The new patch in attachment 140484 [details] [review] does basically what you suggested, I just changed the enum names a bit. I thought it's a bit better to name the actions "load", instead of "recover", because "load from file if not yet in memory" is the primary intention of a getEntry() caller if they select the new LoadSilentlyIfMissing or LoadAndComplainIfMissing option. Recovery is only a rare secondary step if loading failed.

Had no time to test the new patch yet. I will repeat the steps from comment 1 on Mondays.
Comment 14 Tobias Deiminger 2018-07-08 19:36:01 UTC
There's a problem with both of my patches: I realized only by now that the XRef::XRef(BaseStream *strA, ...) Ctor is doing some kind of "lazy load". It only loads the first table/stream and its entries during construction. The 2..n-th streams (linked by Prev) are not yet loaded. They're actually loaded later on demand with first access to a missing entry by XRef::getEntry. We get to this scenario when working with incrementally updated or linearized documents, because in this case there are more then 1 xref tables/streams.

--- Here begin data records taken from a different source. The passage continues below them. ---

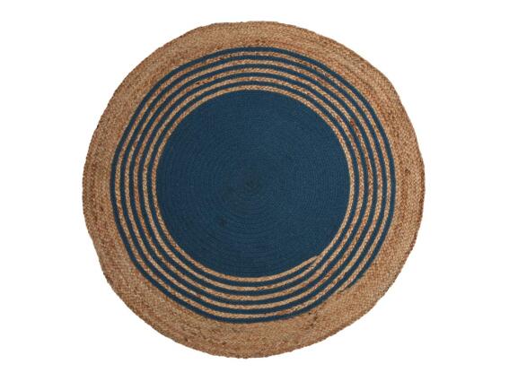 Στρογγυλό Χαλί Σαλονιού από Φυσική Γιούτα σε Καφέ Χρώμα με Μπλε Σχέδιο, 90 cm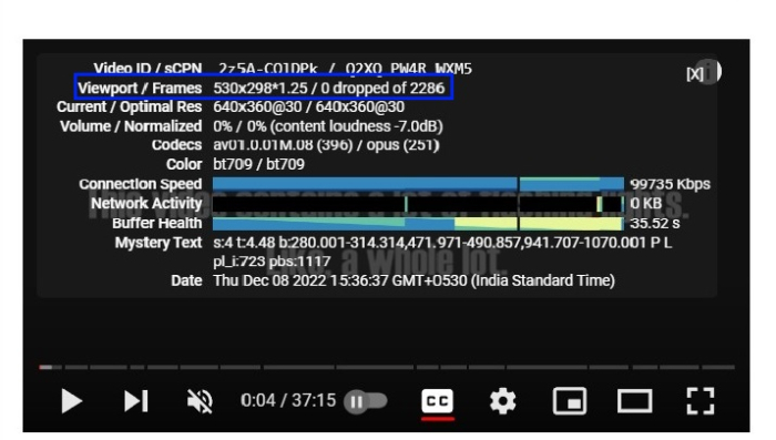 视频播放器的分辨率(而非视频的分辨率)以及您正在观看的当前帧。与视频分辨率不同,视口分辨率是您实际观看的分辨率,而不是视频的分辨率。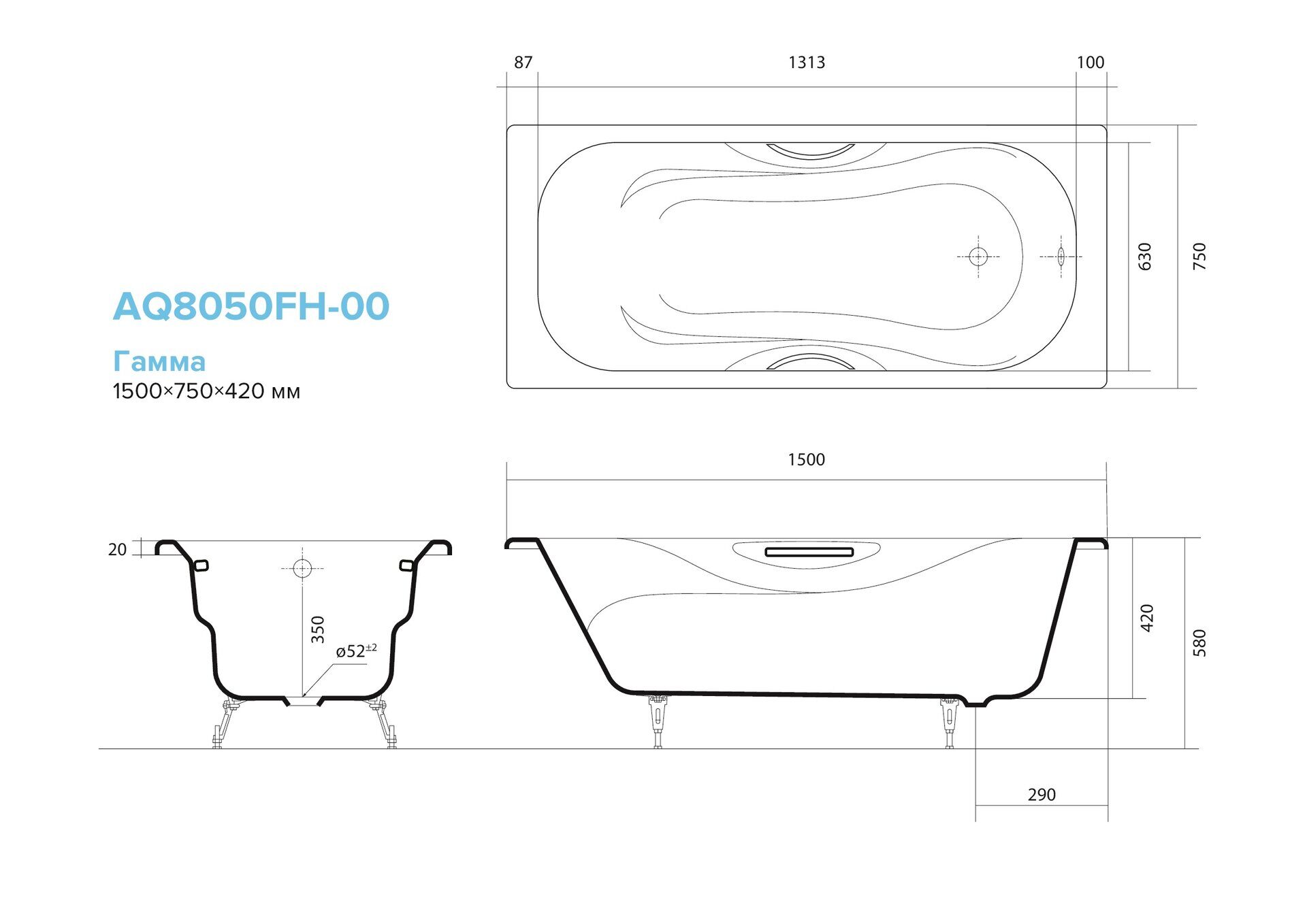 Главная Каталог магазина Сантехника Ванны Гамма 150x75см ванна чугунная с ручками и ножками

As a consequence, when a user calls saveXXX, we have to expect that XRef::entries list may not yet be fully populated. If we simply patch out "load if missing", we avoid not only the bad recovery, but we avoid also the required initial load of an entry into memory. I'm not yet sure how to solve it.
Comment 15 Tobias Deiminger 2018-07-09 22:02:55 UTC
Created attachment 140530 [details] [review]
Skip XRef::constructXRef in XRef::readXRefUntil if last XRef section is a stream

Here's an approach to avoid the problem described in comment 14. We let the lazy load during PDFDoc::saveXXX happen, but avoid corruption of the XRef by skipping constructXRef in XRef::readXRefUntil for situations where we know it won't work.

Afaikt XRef::fetch does the same for the same reason, checkout commit 57b7a52c.

When using the patch in the okular test case, we'll get a single "Error: Invalid XRef entry 0" on console, but saved file works. I think that's ok, as the original file is actually buggy and it should be noted somewhere.

Tests from comment 1 pass.
Comment 16 GitLab Migration User 2018-08-20 21:58:19 UTC
-- GitLab Migration Automatic Message --

This bug has been migrated to freedesktop.org's GitLab instance and has been closed from further activity.